There was a "Poor House" in the village for many years, and it was mentioned every year in the Chapelwardens' Register, 1796 - 1838, where a typical entry would state: "To Sir Wm Welby for the Poor House Rent... £1-0-0." It also appears that the village was responsible for the upkeep and maintenance of this building, as in 1819 an invoice was paid by the Chapelwarden for £2-8-9d to Mr Gibson's delivery of 1500 bricks for the Poor House. It does not make clear whether this is for repairs or for an extension.
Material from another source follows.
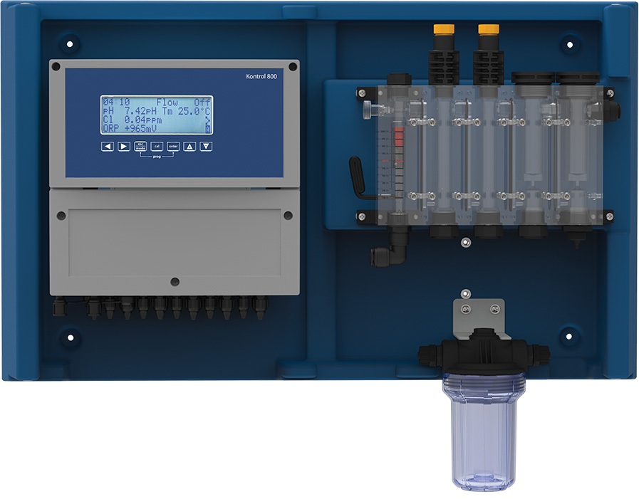 Станція контролю якості води Aquaviva Kontrol Panel 800 PH/RX/CL – це універсальний багатопараметричний контролер для автоматичного управління хімічними показниками води в приватних і громадських басейнах. Забезпечує вимірювання і регулювання рівня pH, значення Redox (ОВП), а також концентрації вільного, зв’язаного і загального хлору. Станція оснащена РК-екраном з механічними клавішами, системою автоматичного дозування реагентів, сигналізацією при виході за межі норми і функцією реєстрації даних. Підходить для басейнів з солоною або прісною водою. Доставляється в попередньо змонтованому вигляді на міцній антикорозійній панелі, що спрощує установку. Потенціостатичний датчик для вимірювання хлору не входить до комплекту і купується окремо.

The Lincoln Archives also contain the Hearth Tax of the village for 1662 and 1664. The first list recorded Sir Richard Earle as being assessed for 10 hearths, and two years later being noted as having to pay tax for 13 hearths. The majority of the village had a single hearth while a couple of doubles were noted.

Reading and transcribing the scores of inventories that are associated with Stragglethorpe, and stored in Lincoln Archives, can be most revealing. There is an inventory from 1680 for Thomas Yates, the term "Lady Earles Ground" is mentioned twice along with Cony Close. While it is unclear where Lady Earles Field is today, the whereabouts of Cony Close is well known. The second field to the south of the village, next to Stragglethorpe Lane, has always been known as "Cony Close". It also appears on a map of a transfer deed of over a hundred years ago. The name "Cony" has one wondering whether it was once a rabbit warren, but the answer most probably lies with the Earle family's original connection to the village. Namely that Augustine Earle's third wife (who bore him several children) was Francis Cony of Bassingthorpe near Grantham. She was sister to Sir Thomas Cony, who was probably one of the wealthiest and most influential men in the county of Lincolnshire in the late 16th century.